6. A system of claim 1, wherein the interpretive type annotation includes an association of a variant with a disease, an correlation between a variant and a response to a treatment, metabolic pathways impacted by the called variant, biological signaling pathway impacted by the called variant, regulation pathway impacted by the called variant, a match to a list of annotated variants, or a combination thereof.

7. A system of claim 1, wherein the interpretive type annotation includes a metabolic pathways impacted by the called variant, a biological signaling pathway impacted by the called variant, a regulation pathway impacted by the called variant, or a combination thereof.

8. A system of claim 1, wherein the called variants that fall within blocks of overlapping transcripts are annotated at the same time.

9. A system of claim 1, further comprising a filtering component in communications with the first data source and configured to query the first data store based a set of variant filter conditions and wherein the report summarizes results of the query.

10. The system of claim 1, further comprising:

an annotations importer component in communications with the second data store and configured to convert annotations information received from external annotations sources to a format that can be stored on the second data store.

11. A computer implemented method, comprising:

receiving the called variants from a first data store configured to store genetic sequence information comprising called variants, and

associating the called variants with functional type annotations from the second data store configured to store sequence annotation data, and

associating the called variants with interpretive type annotations from the second data store;

generating a report of the called variants, the functional annotations, and the interpretive annotations; and

providing the report to a first user

12. The computer implemented method of claim 11, further including:

selecting variant report filter conditions;

querying the first data store based on the selected variant report filter conditions; and

wherein the report summarizes the results of the query.

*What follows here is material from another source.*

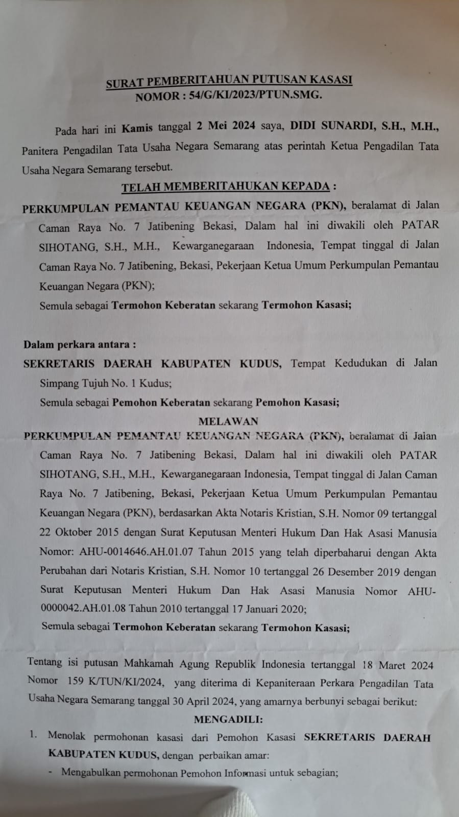 Nomor 159 K/TUN/KI/2024 pada tanggal 18 Maret 2024

13. The method of claim 11, further comprising receiving instructions from the first user to modify the report.

14. The method of claim 13, wherein a second user is restricted from modifying the report.

15. The method of claim 11, further comprising receiving instructions from the first user to publish the report.

16. The method of claim 14, wherein a second user is restricted from publishing the report.

17. The method of claim 11, further comprising receiving instructions from a second user to associate the called variants with the functional type annotations or to associate the called variants with the interpretive type annotations.

18. The method of claim 17, wherein the first user is of a first class of users and the second user is of a second class of users.

19. A system, comprising:

a second data store configured to store sequence annotation data;

an annotations engine configured to:

receive the called variants from the first data store, and

associate annotations from the second data store with the called variants, and

a reporter module communicatively connected with the first data store and the second data store and configured to:

select sentence templates corresponding to associated annotations;

generate report paragraphs based on the annotations and the selected sentence templates; and

provide a report including the report paragraphs for the called variants and the associated annotations.